MY INVENTION SAVED
When Douglas Anderson’s five-year-old son lost sight in one eye from a detached retina, he created a device so that others didn’t suffer the same fate. BUSOLA EVANS reports
WHEN five-year-old Leif Anderson lost the sight in his left eye because a retinal detachment was diagnosed too late, his devastated father vowed no other parent should have to face a similar heartbreak.
Despite regular eye examinations, clinicians missed the warning signs that led to the loss but with more thorough testing Leif’s condition would have been detected and he would likely have retained his vision.
So medical technology designer Douglas set about inventing a fast, non-intrusive whole-retina scanner, which was patient-friendly enough for a five-year-old but would give examiners a full view of the eye, unlike the partial glimpse which most machines provided at the time. The result was Optos, which uses laser technology to monitor any changes in the eye that would otherwise go undetected using traditional examination techniques and equipment.
Not only is the scanner now used in hospitals across the country, the machine also helped save the vision in Leif’s other eye after it detected a new retina problem several years later.
The technological innovation is now celebrating 11 years since it was recognised with the Royal Academy of Engineering MacRobert Award, the UK’s most prestigious prize in the field and known as the Oscars of the engineering world.
There are about 11,000 devices worldwide and a staggering 70-100 million people have been imaged using the scanner, potentially saving the sight of millions globally.
It was an achievement Douglas, 66, could have not imagined when he was reeling from the news that Leif had irrecoverably lost his vision in one eye.
“It was a very emotional time,” admits Douglas, from Fife in Scotland, who was running his own design consultancy developing medical products.
“I reflected on the reason my son lost his left eye – he had a top-rated clinician and you don’t get in front of one of them unless you’re already advanced with some kind of symptomatic disease.

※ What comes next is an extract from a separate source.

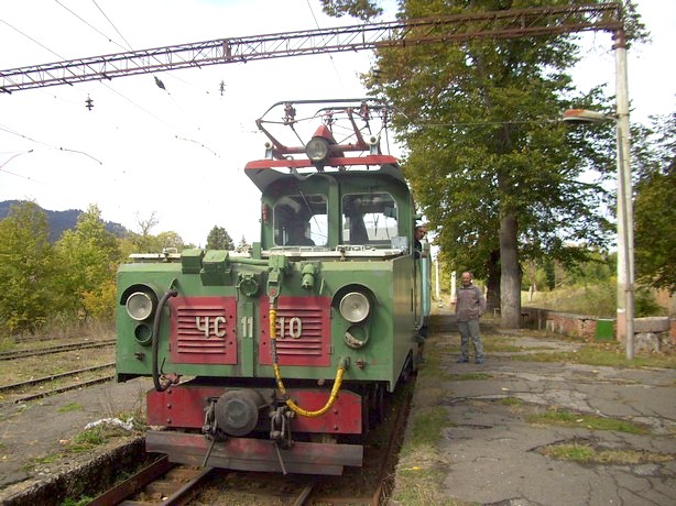 На станцию Боржоми попадаю в тот момент, когда поезд на Бакуриани уже должен был отправляться, но отправление задержалось примерно на двадцать минут из-за опоздания электрички Тбилиси — Боржоми. Машинисты и проводник поезда узкой колеи отнеслись ко мне очень хорошо, предлагали даже провезти в кабине (отказываюсь, так как на электровозах ЧС11 капот находится с двух сторон, сделать из кабины детальные фотографии дороги невозможно).

The people who tend to do standard eye examinations on children are opticians or junior doctors and because of the uncooperative nature of many young children, the chances of a full retina examination were about 20 per cent. So chances were that lots of problems went undiagnosed until it was too late.”
Although Leif’s right eye was being monitored, Douglas worried it could suffer the same fate as the left.
“Our clinician tried to reassure me about what he could see but I became progressively less convinced about his ability to do a full retinal examination on a small child.”
FROM this point, Douglas decided that there was a need for a device which gave a high-quality retina examination, particularly for difficult patients.
“I thought the manual examination being used was out of date. When I thought of other disciplines such as cardiology and orthopaedics, they had much better imaging systems available to do comprehensive examinations.